-- PROBLEM TO SOLVE --
Each line of the data that mentions the string "schools" needs to be identified and copied.

-- GIVEN RECORDS --

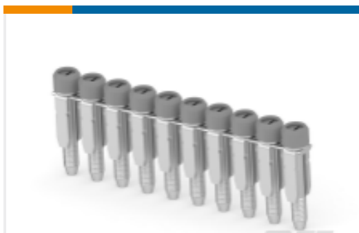
TE Part #1SNL906610R0000 BJC16-10
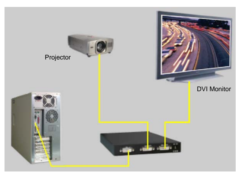
Figure 2. Basic Installation

Finally, connect the power adapter to the VideoSplitter DVI unit, turn on all the monitors and boot the computer last. You should see the boot-up sequence on all monitors.
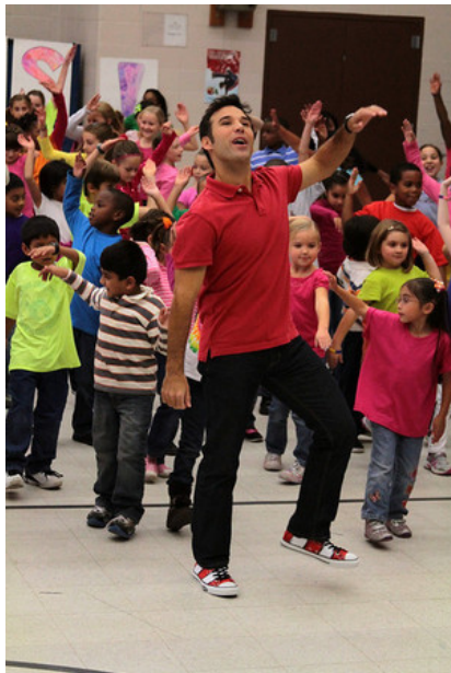
SteveSongs Recess Rocks music video was filmed in Middletown schools.

Recess at most Connecticut elementary schools is 25 minutes long, which may seem lengthy, but when the school day clocks in at six and a half hours, for naturally energetic children ages 4-11, it's not always enough activity.
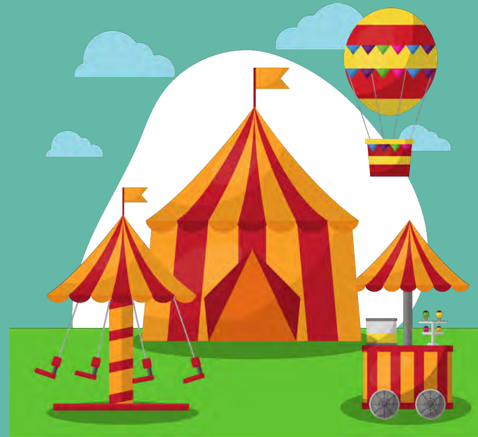
Festivals and Parades
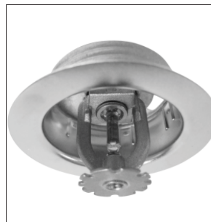
Recessed Extended Coverage Pendent FP
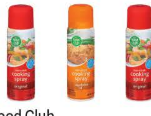
Food Club Non-Stick Cooking Spray Selected Vtys., 5 to 6-oz.
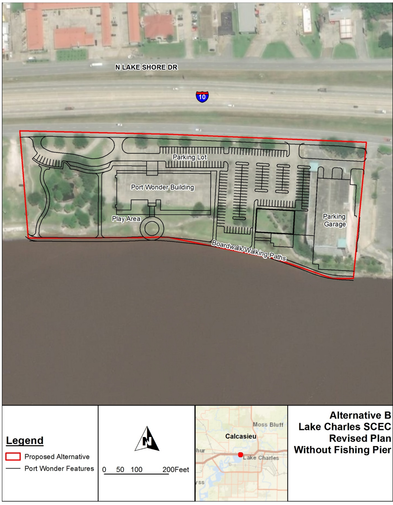
Figure 2-3. Alternative B: Revised Location without Fishing Pier.
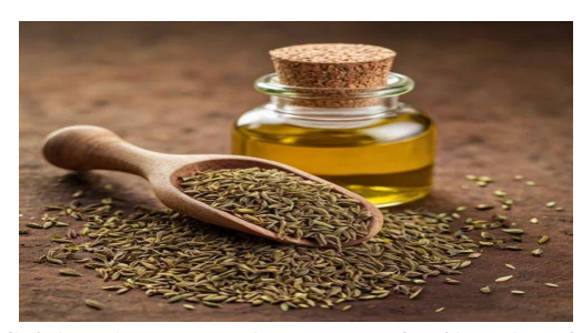
FIG 6-AJWAIN HERB AND THYMOL (AJWAIN OIL)
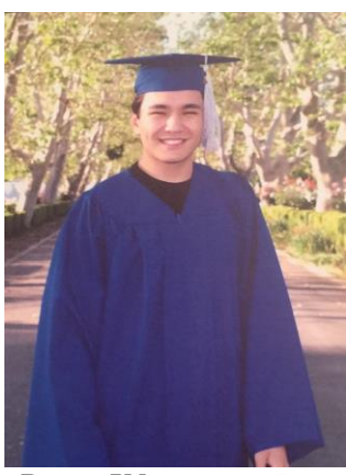
Creek HS Graduate going to University of the Pacific Mechanical Engineering 1st Degree Black Belt
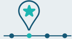
Automated points tracking
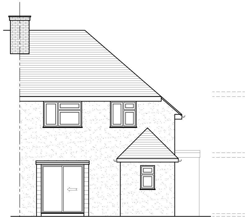
EXISTING REAR ELEVATION SCALE= 1:100
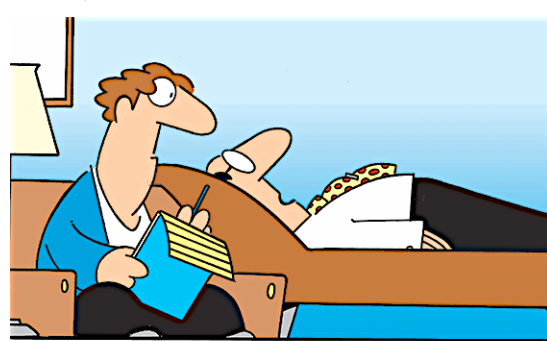
"Opportunity texted me, tweeted me, linked to me, friended me, blogged me and spammed me. I was expecting it to knock!"

The next edition will be ready for distribution on February 4 (next Sunday).
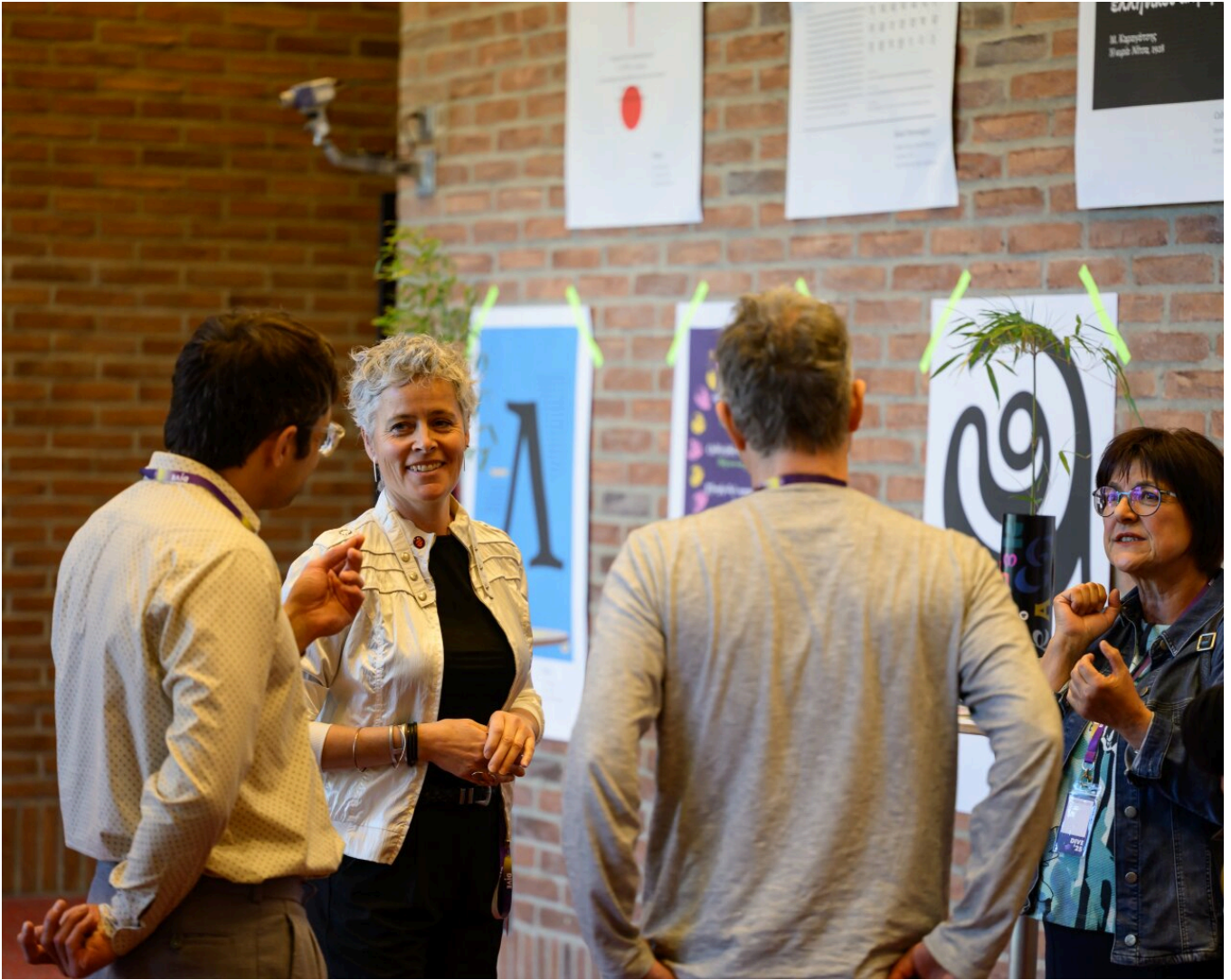
GRANSHAN Exhibition at DIVE'25, Munich.

-- TASK OUTPUT --
SteveSongs Recess Rocks music video was filmed in Middletown schools.
Recess at most Connecticut elementary schools is 25 minutes long, which may seem lengthy, but when the school day clocks in at six and a half hours, for naturally energetic children ages 4-11, it's not always enough activity.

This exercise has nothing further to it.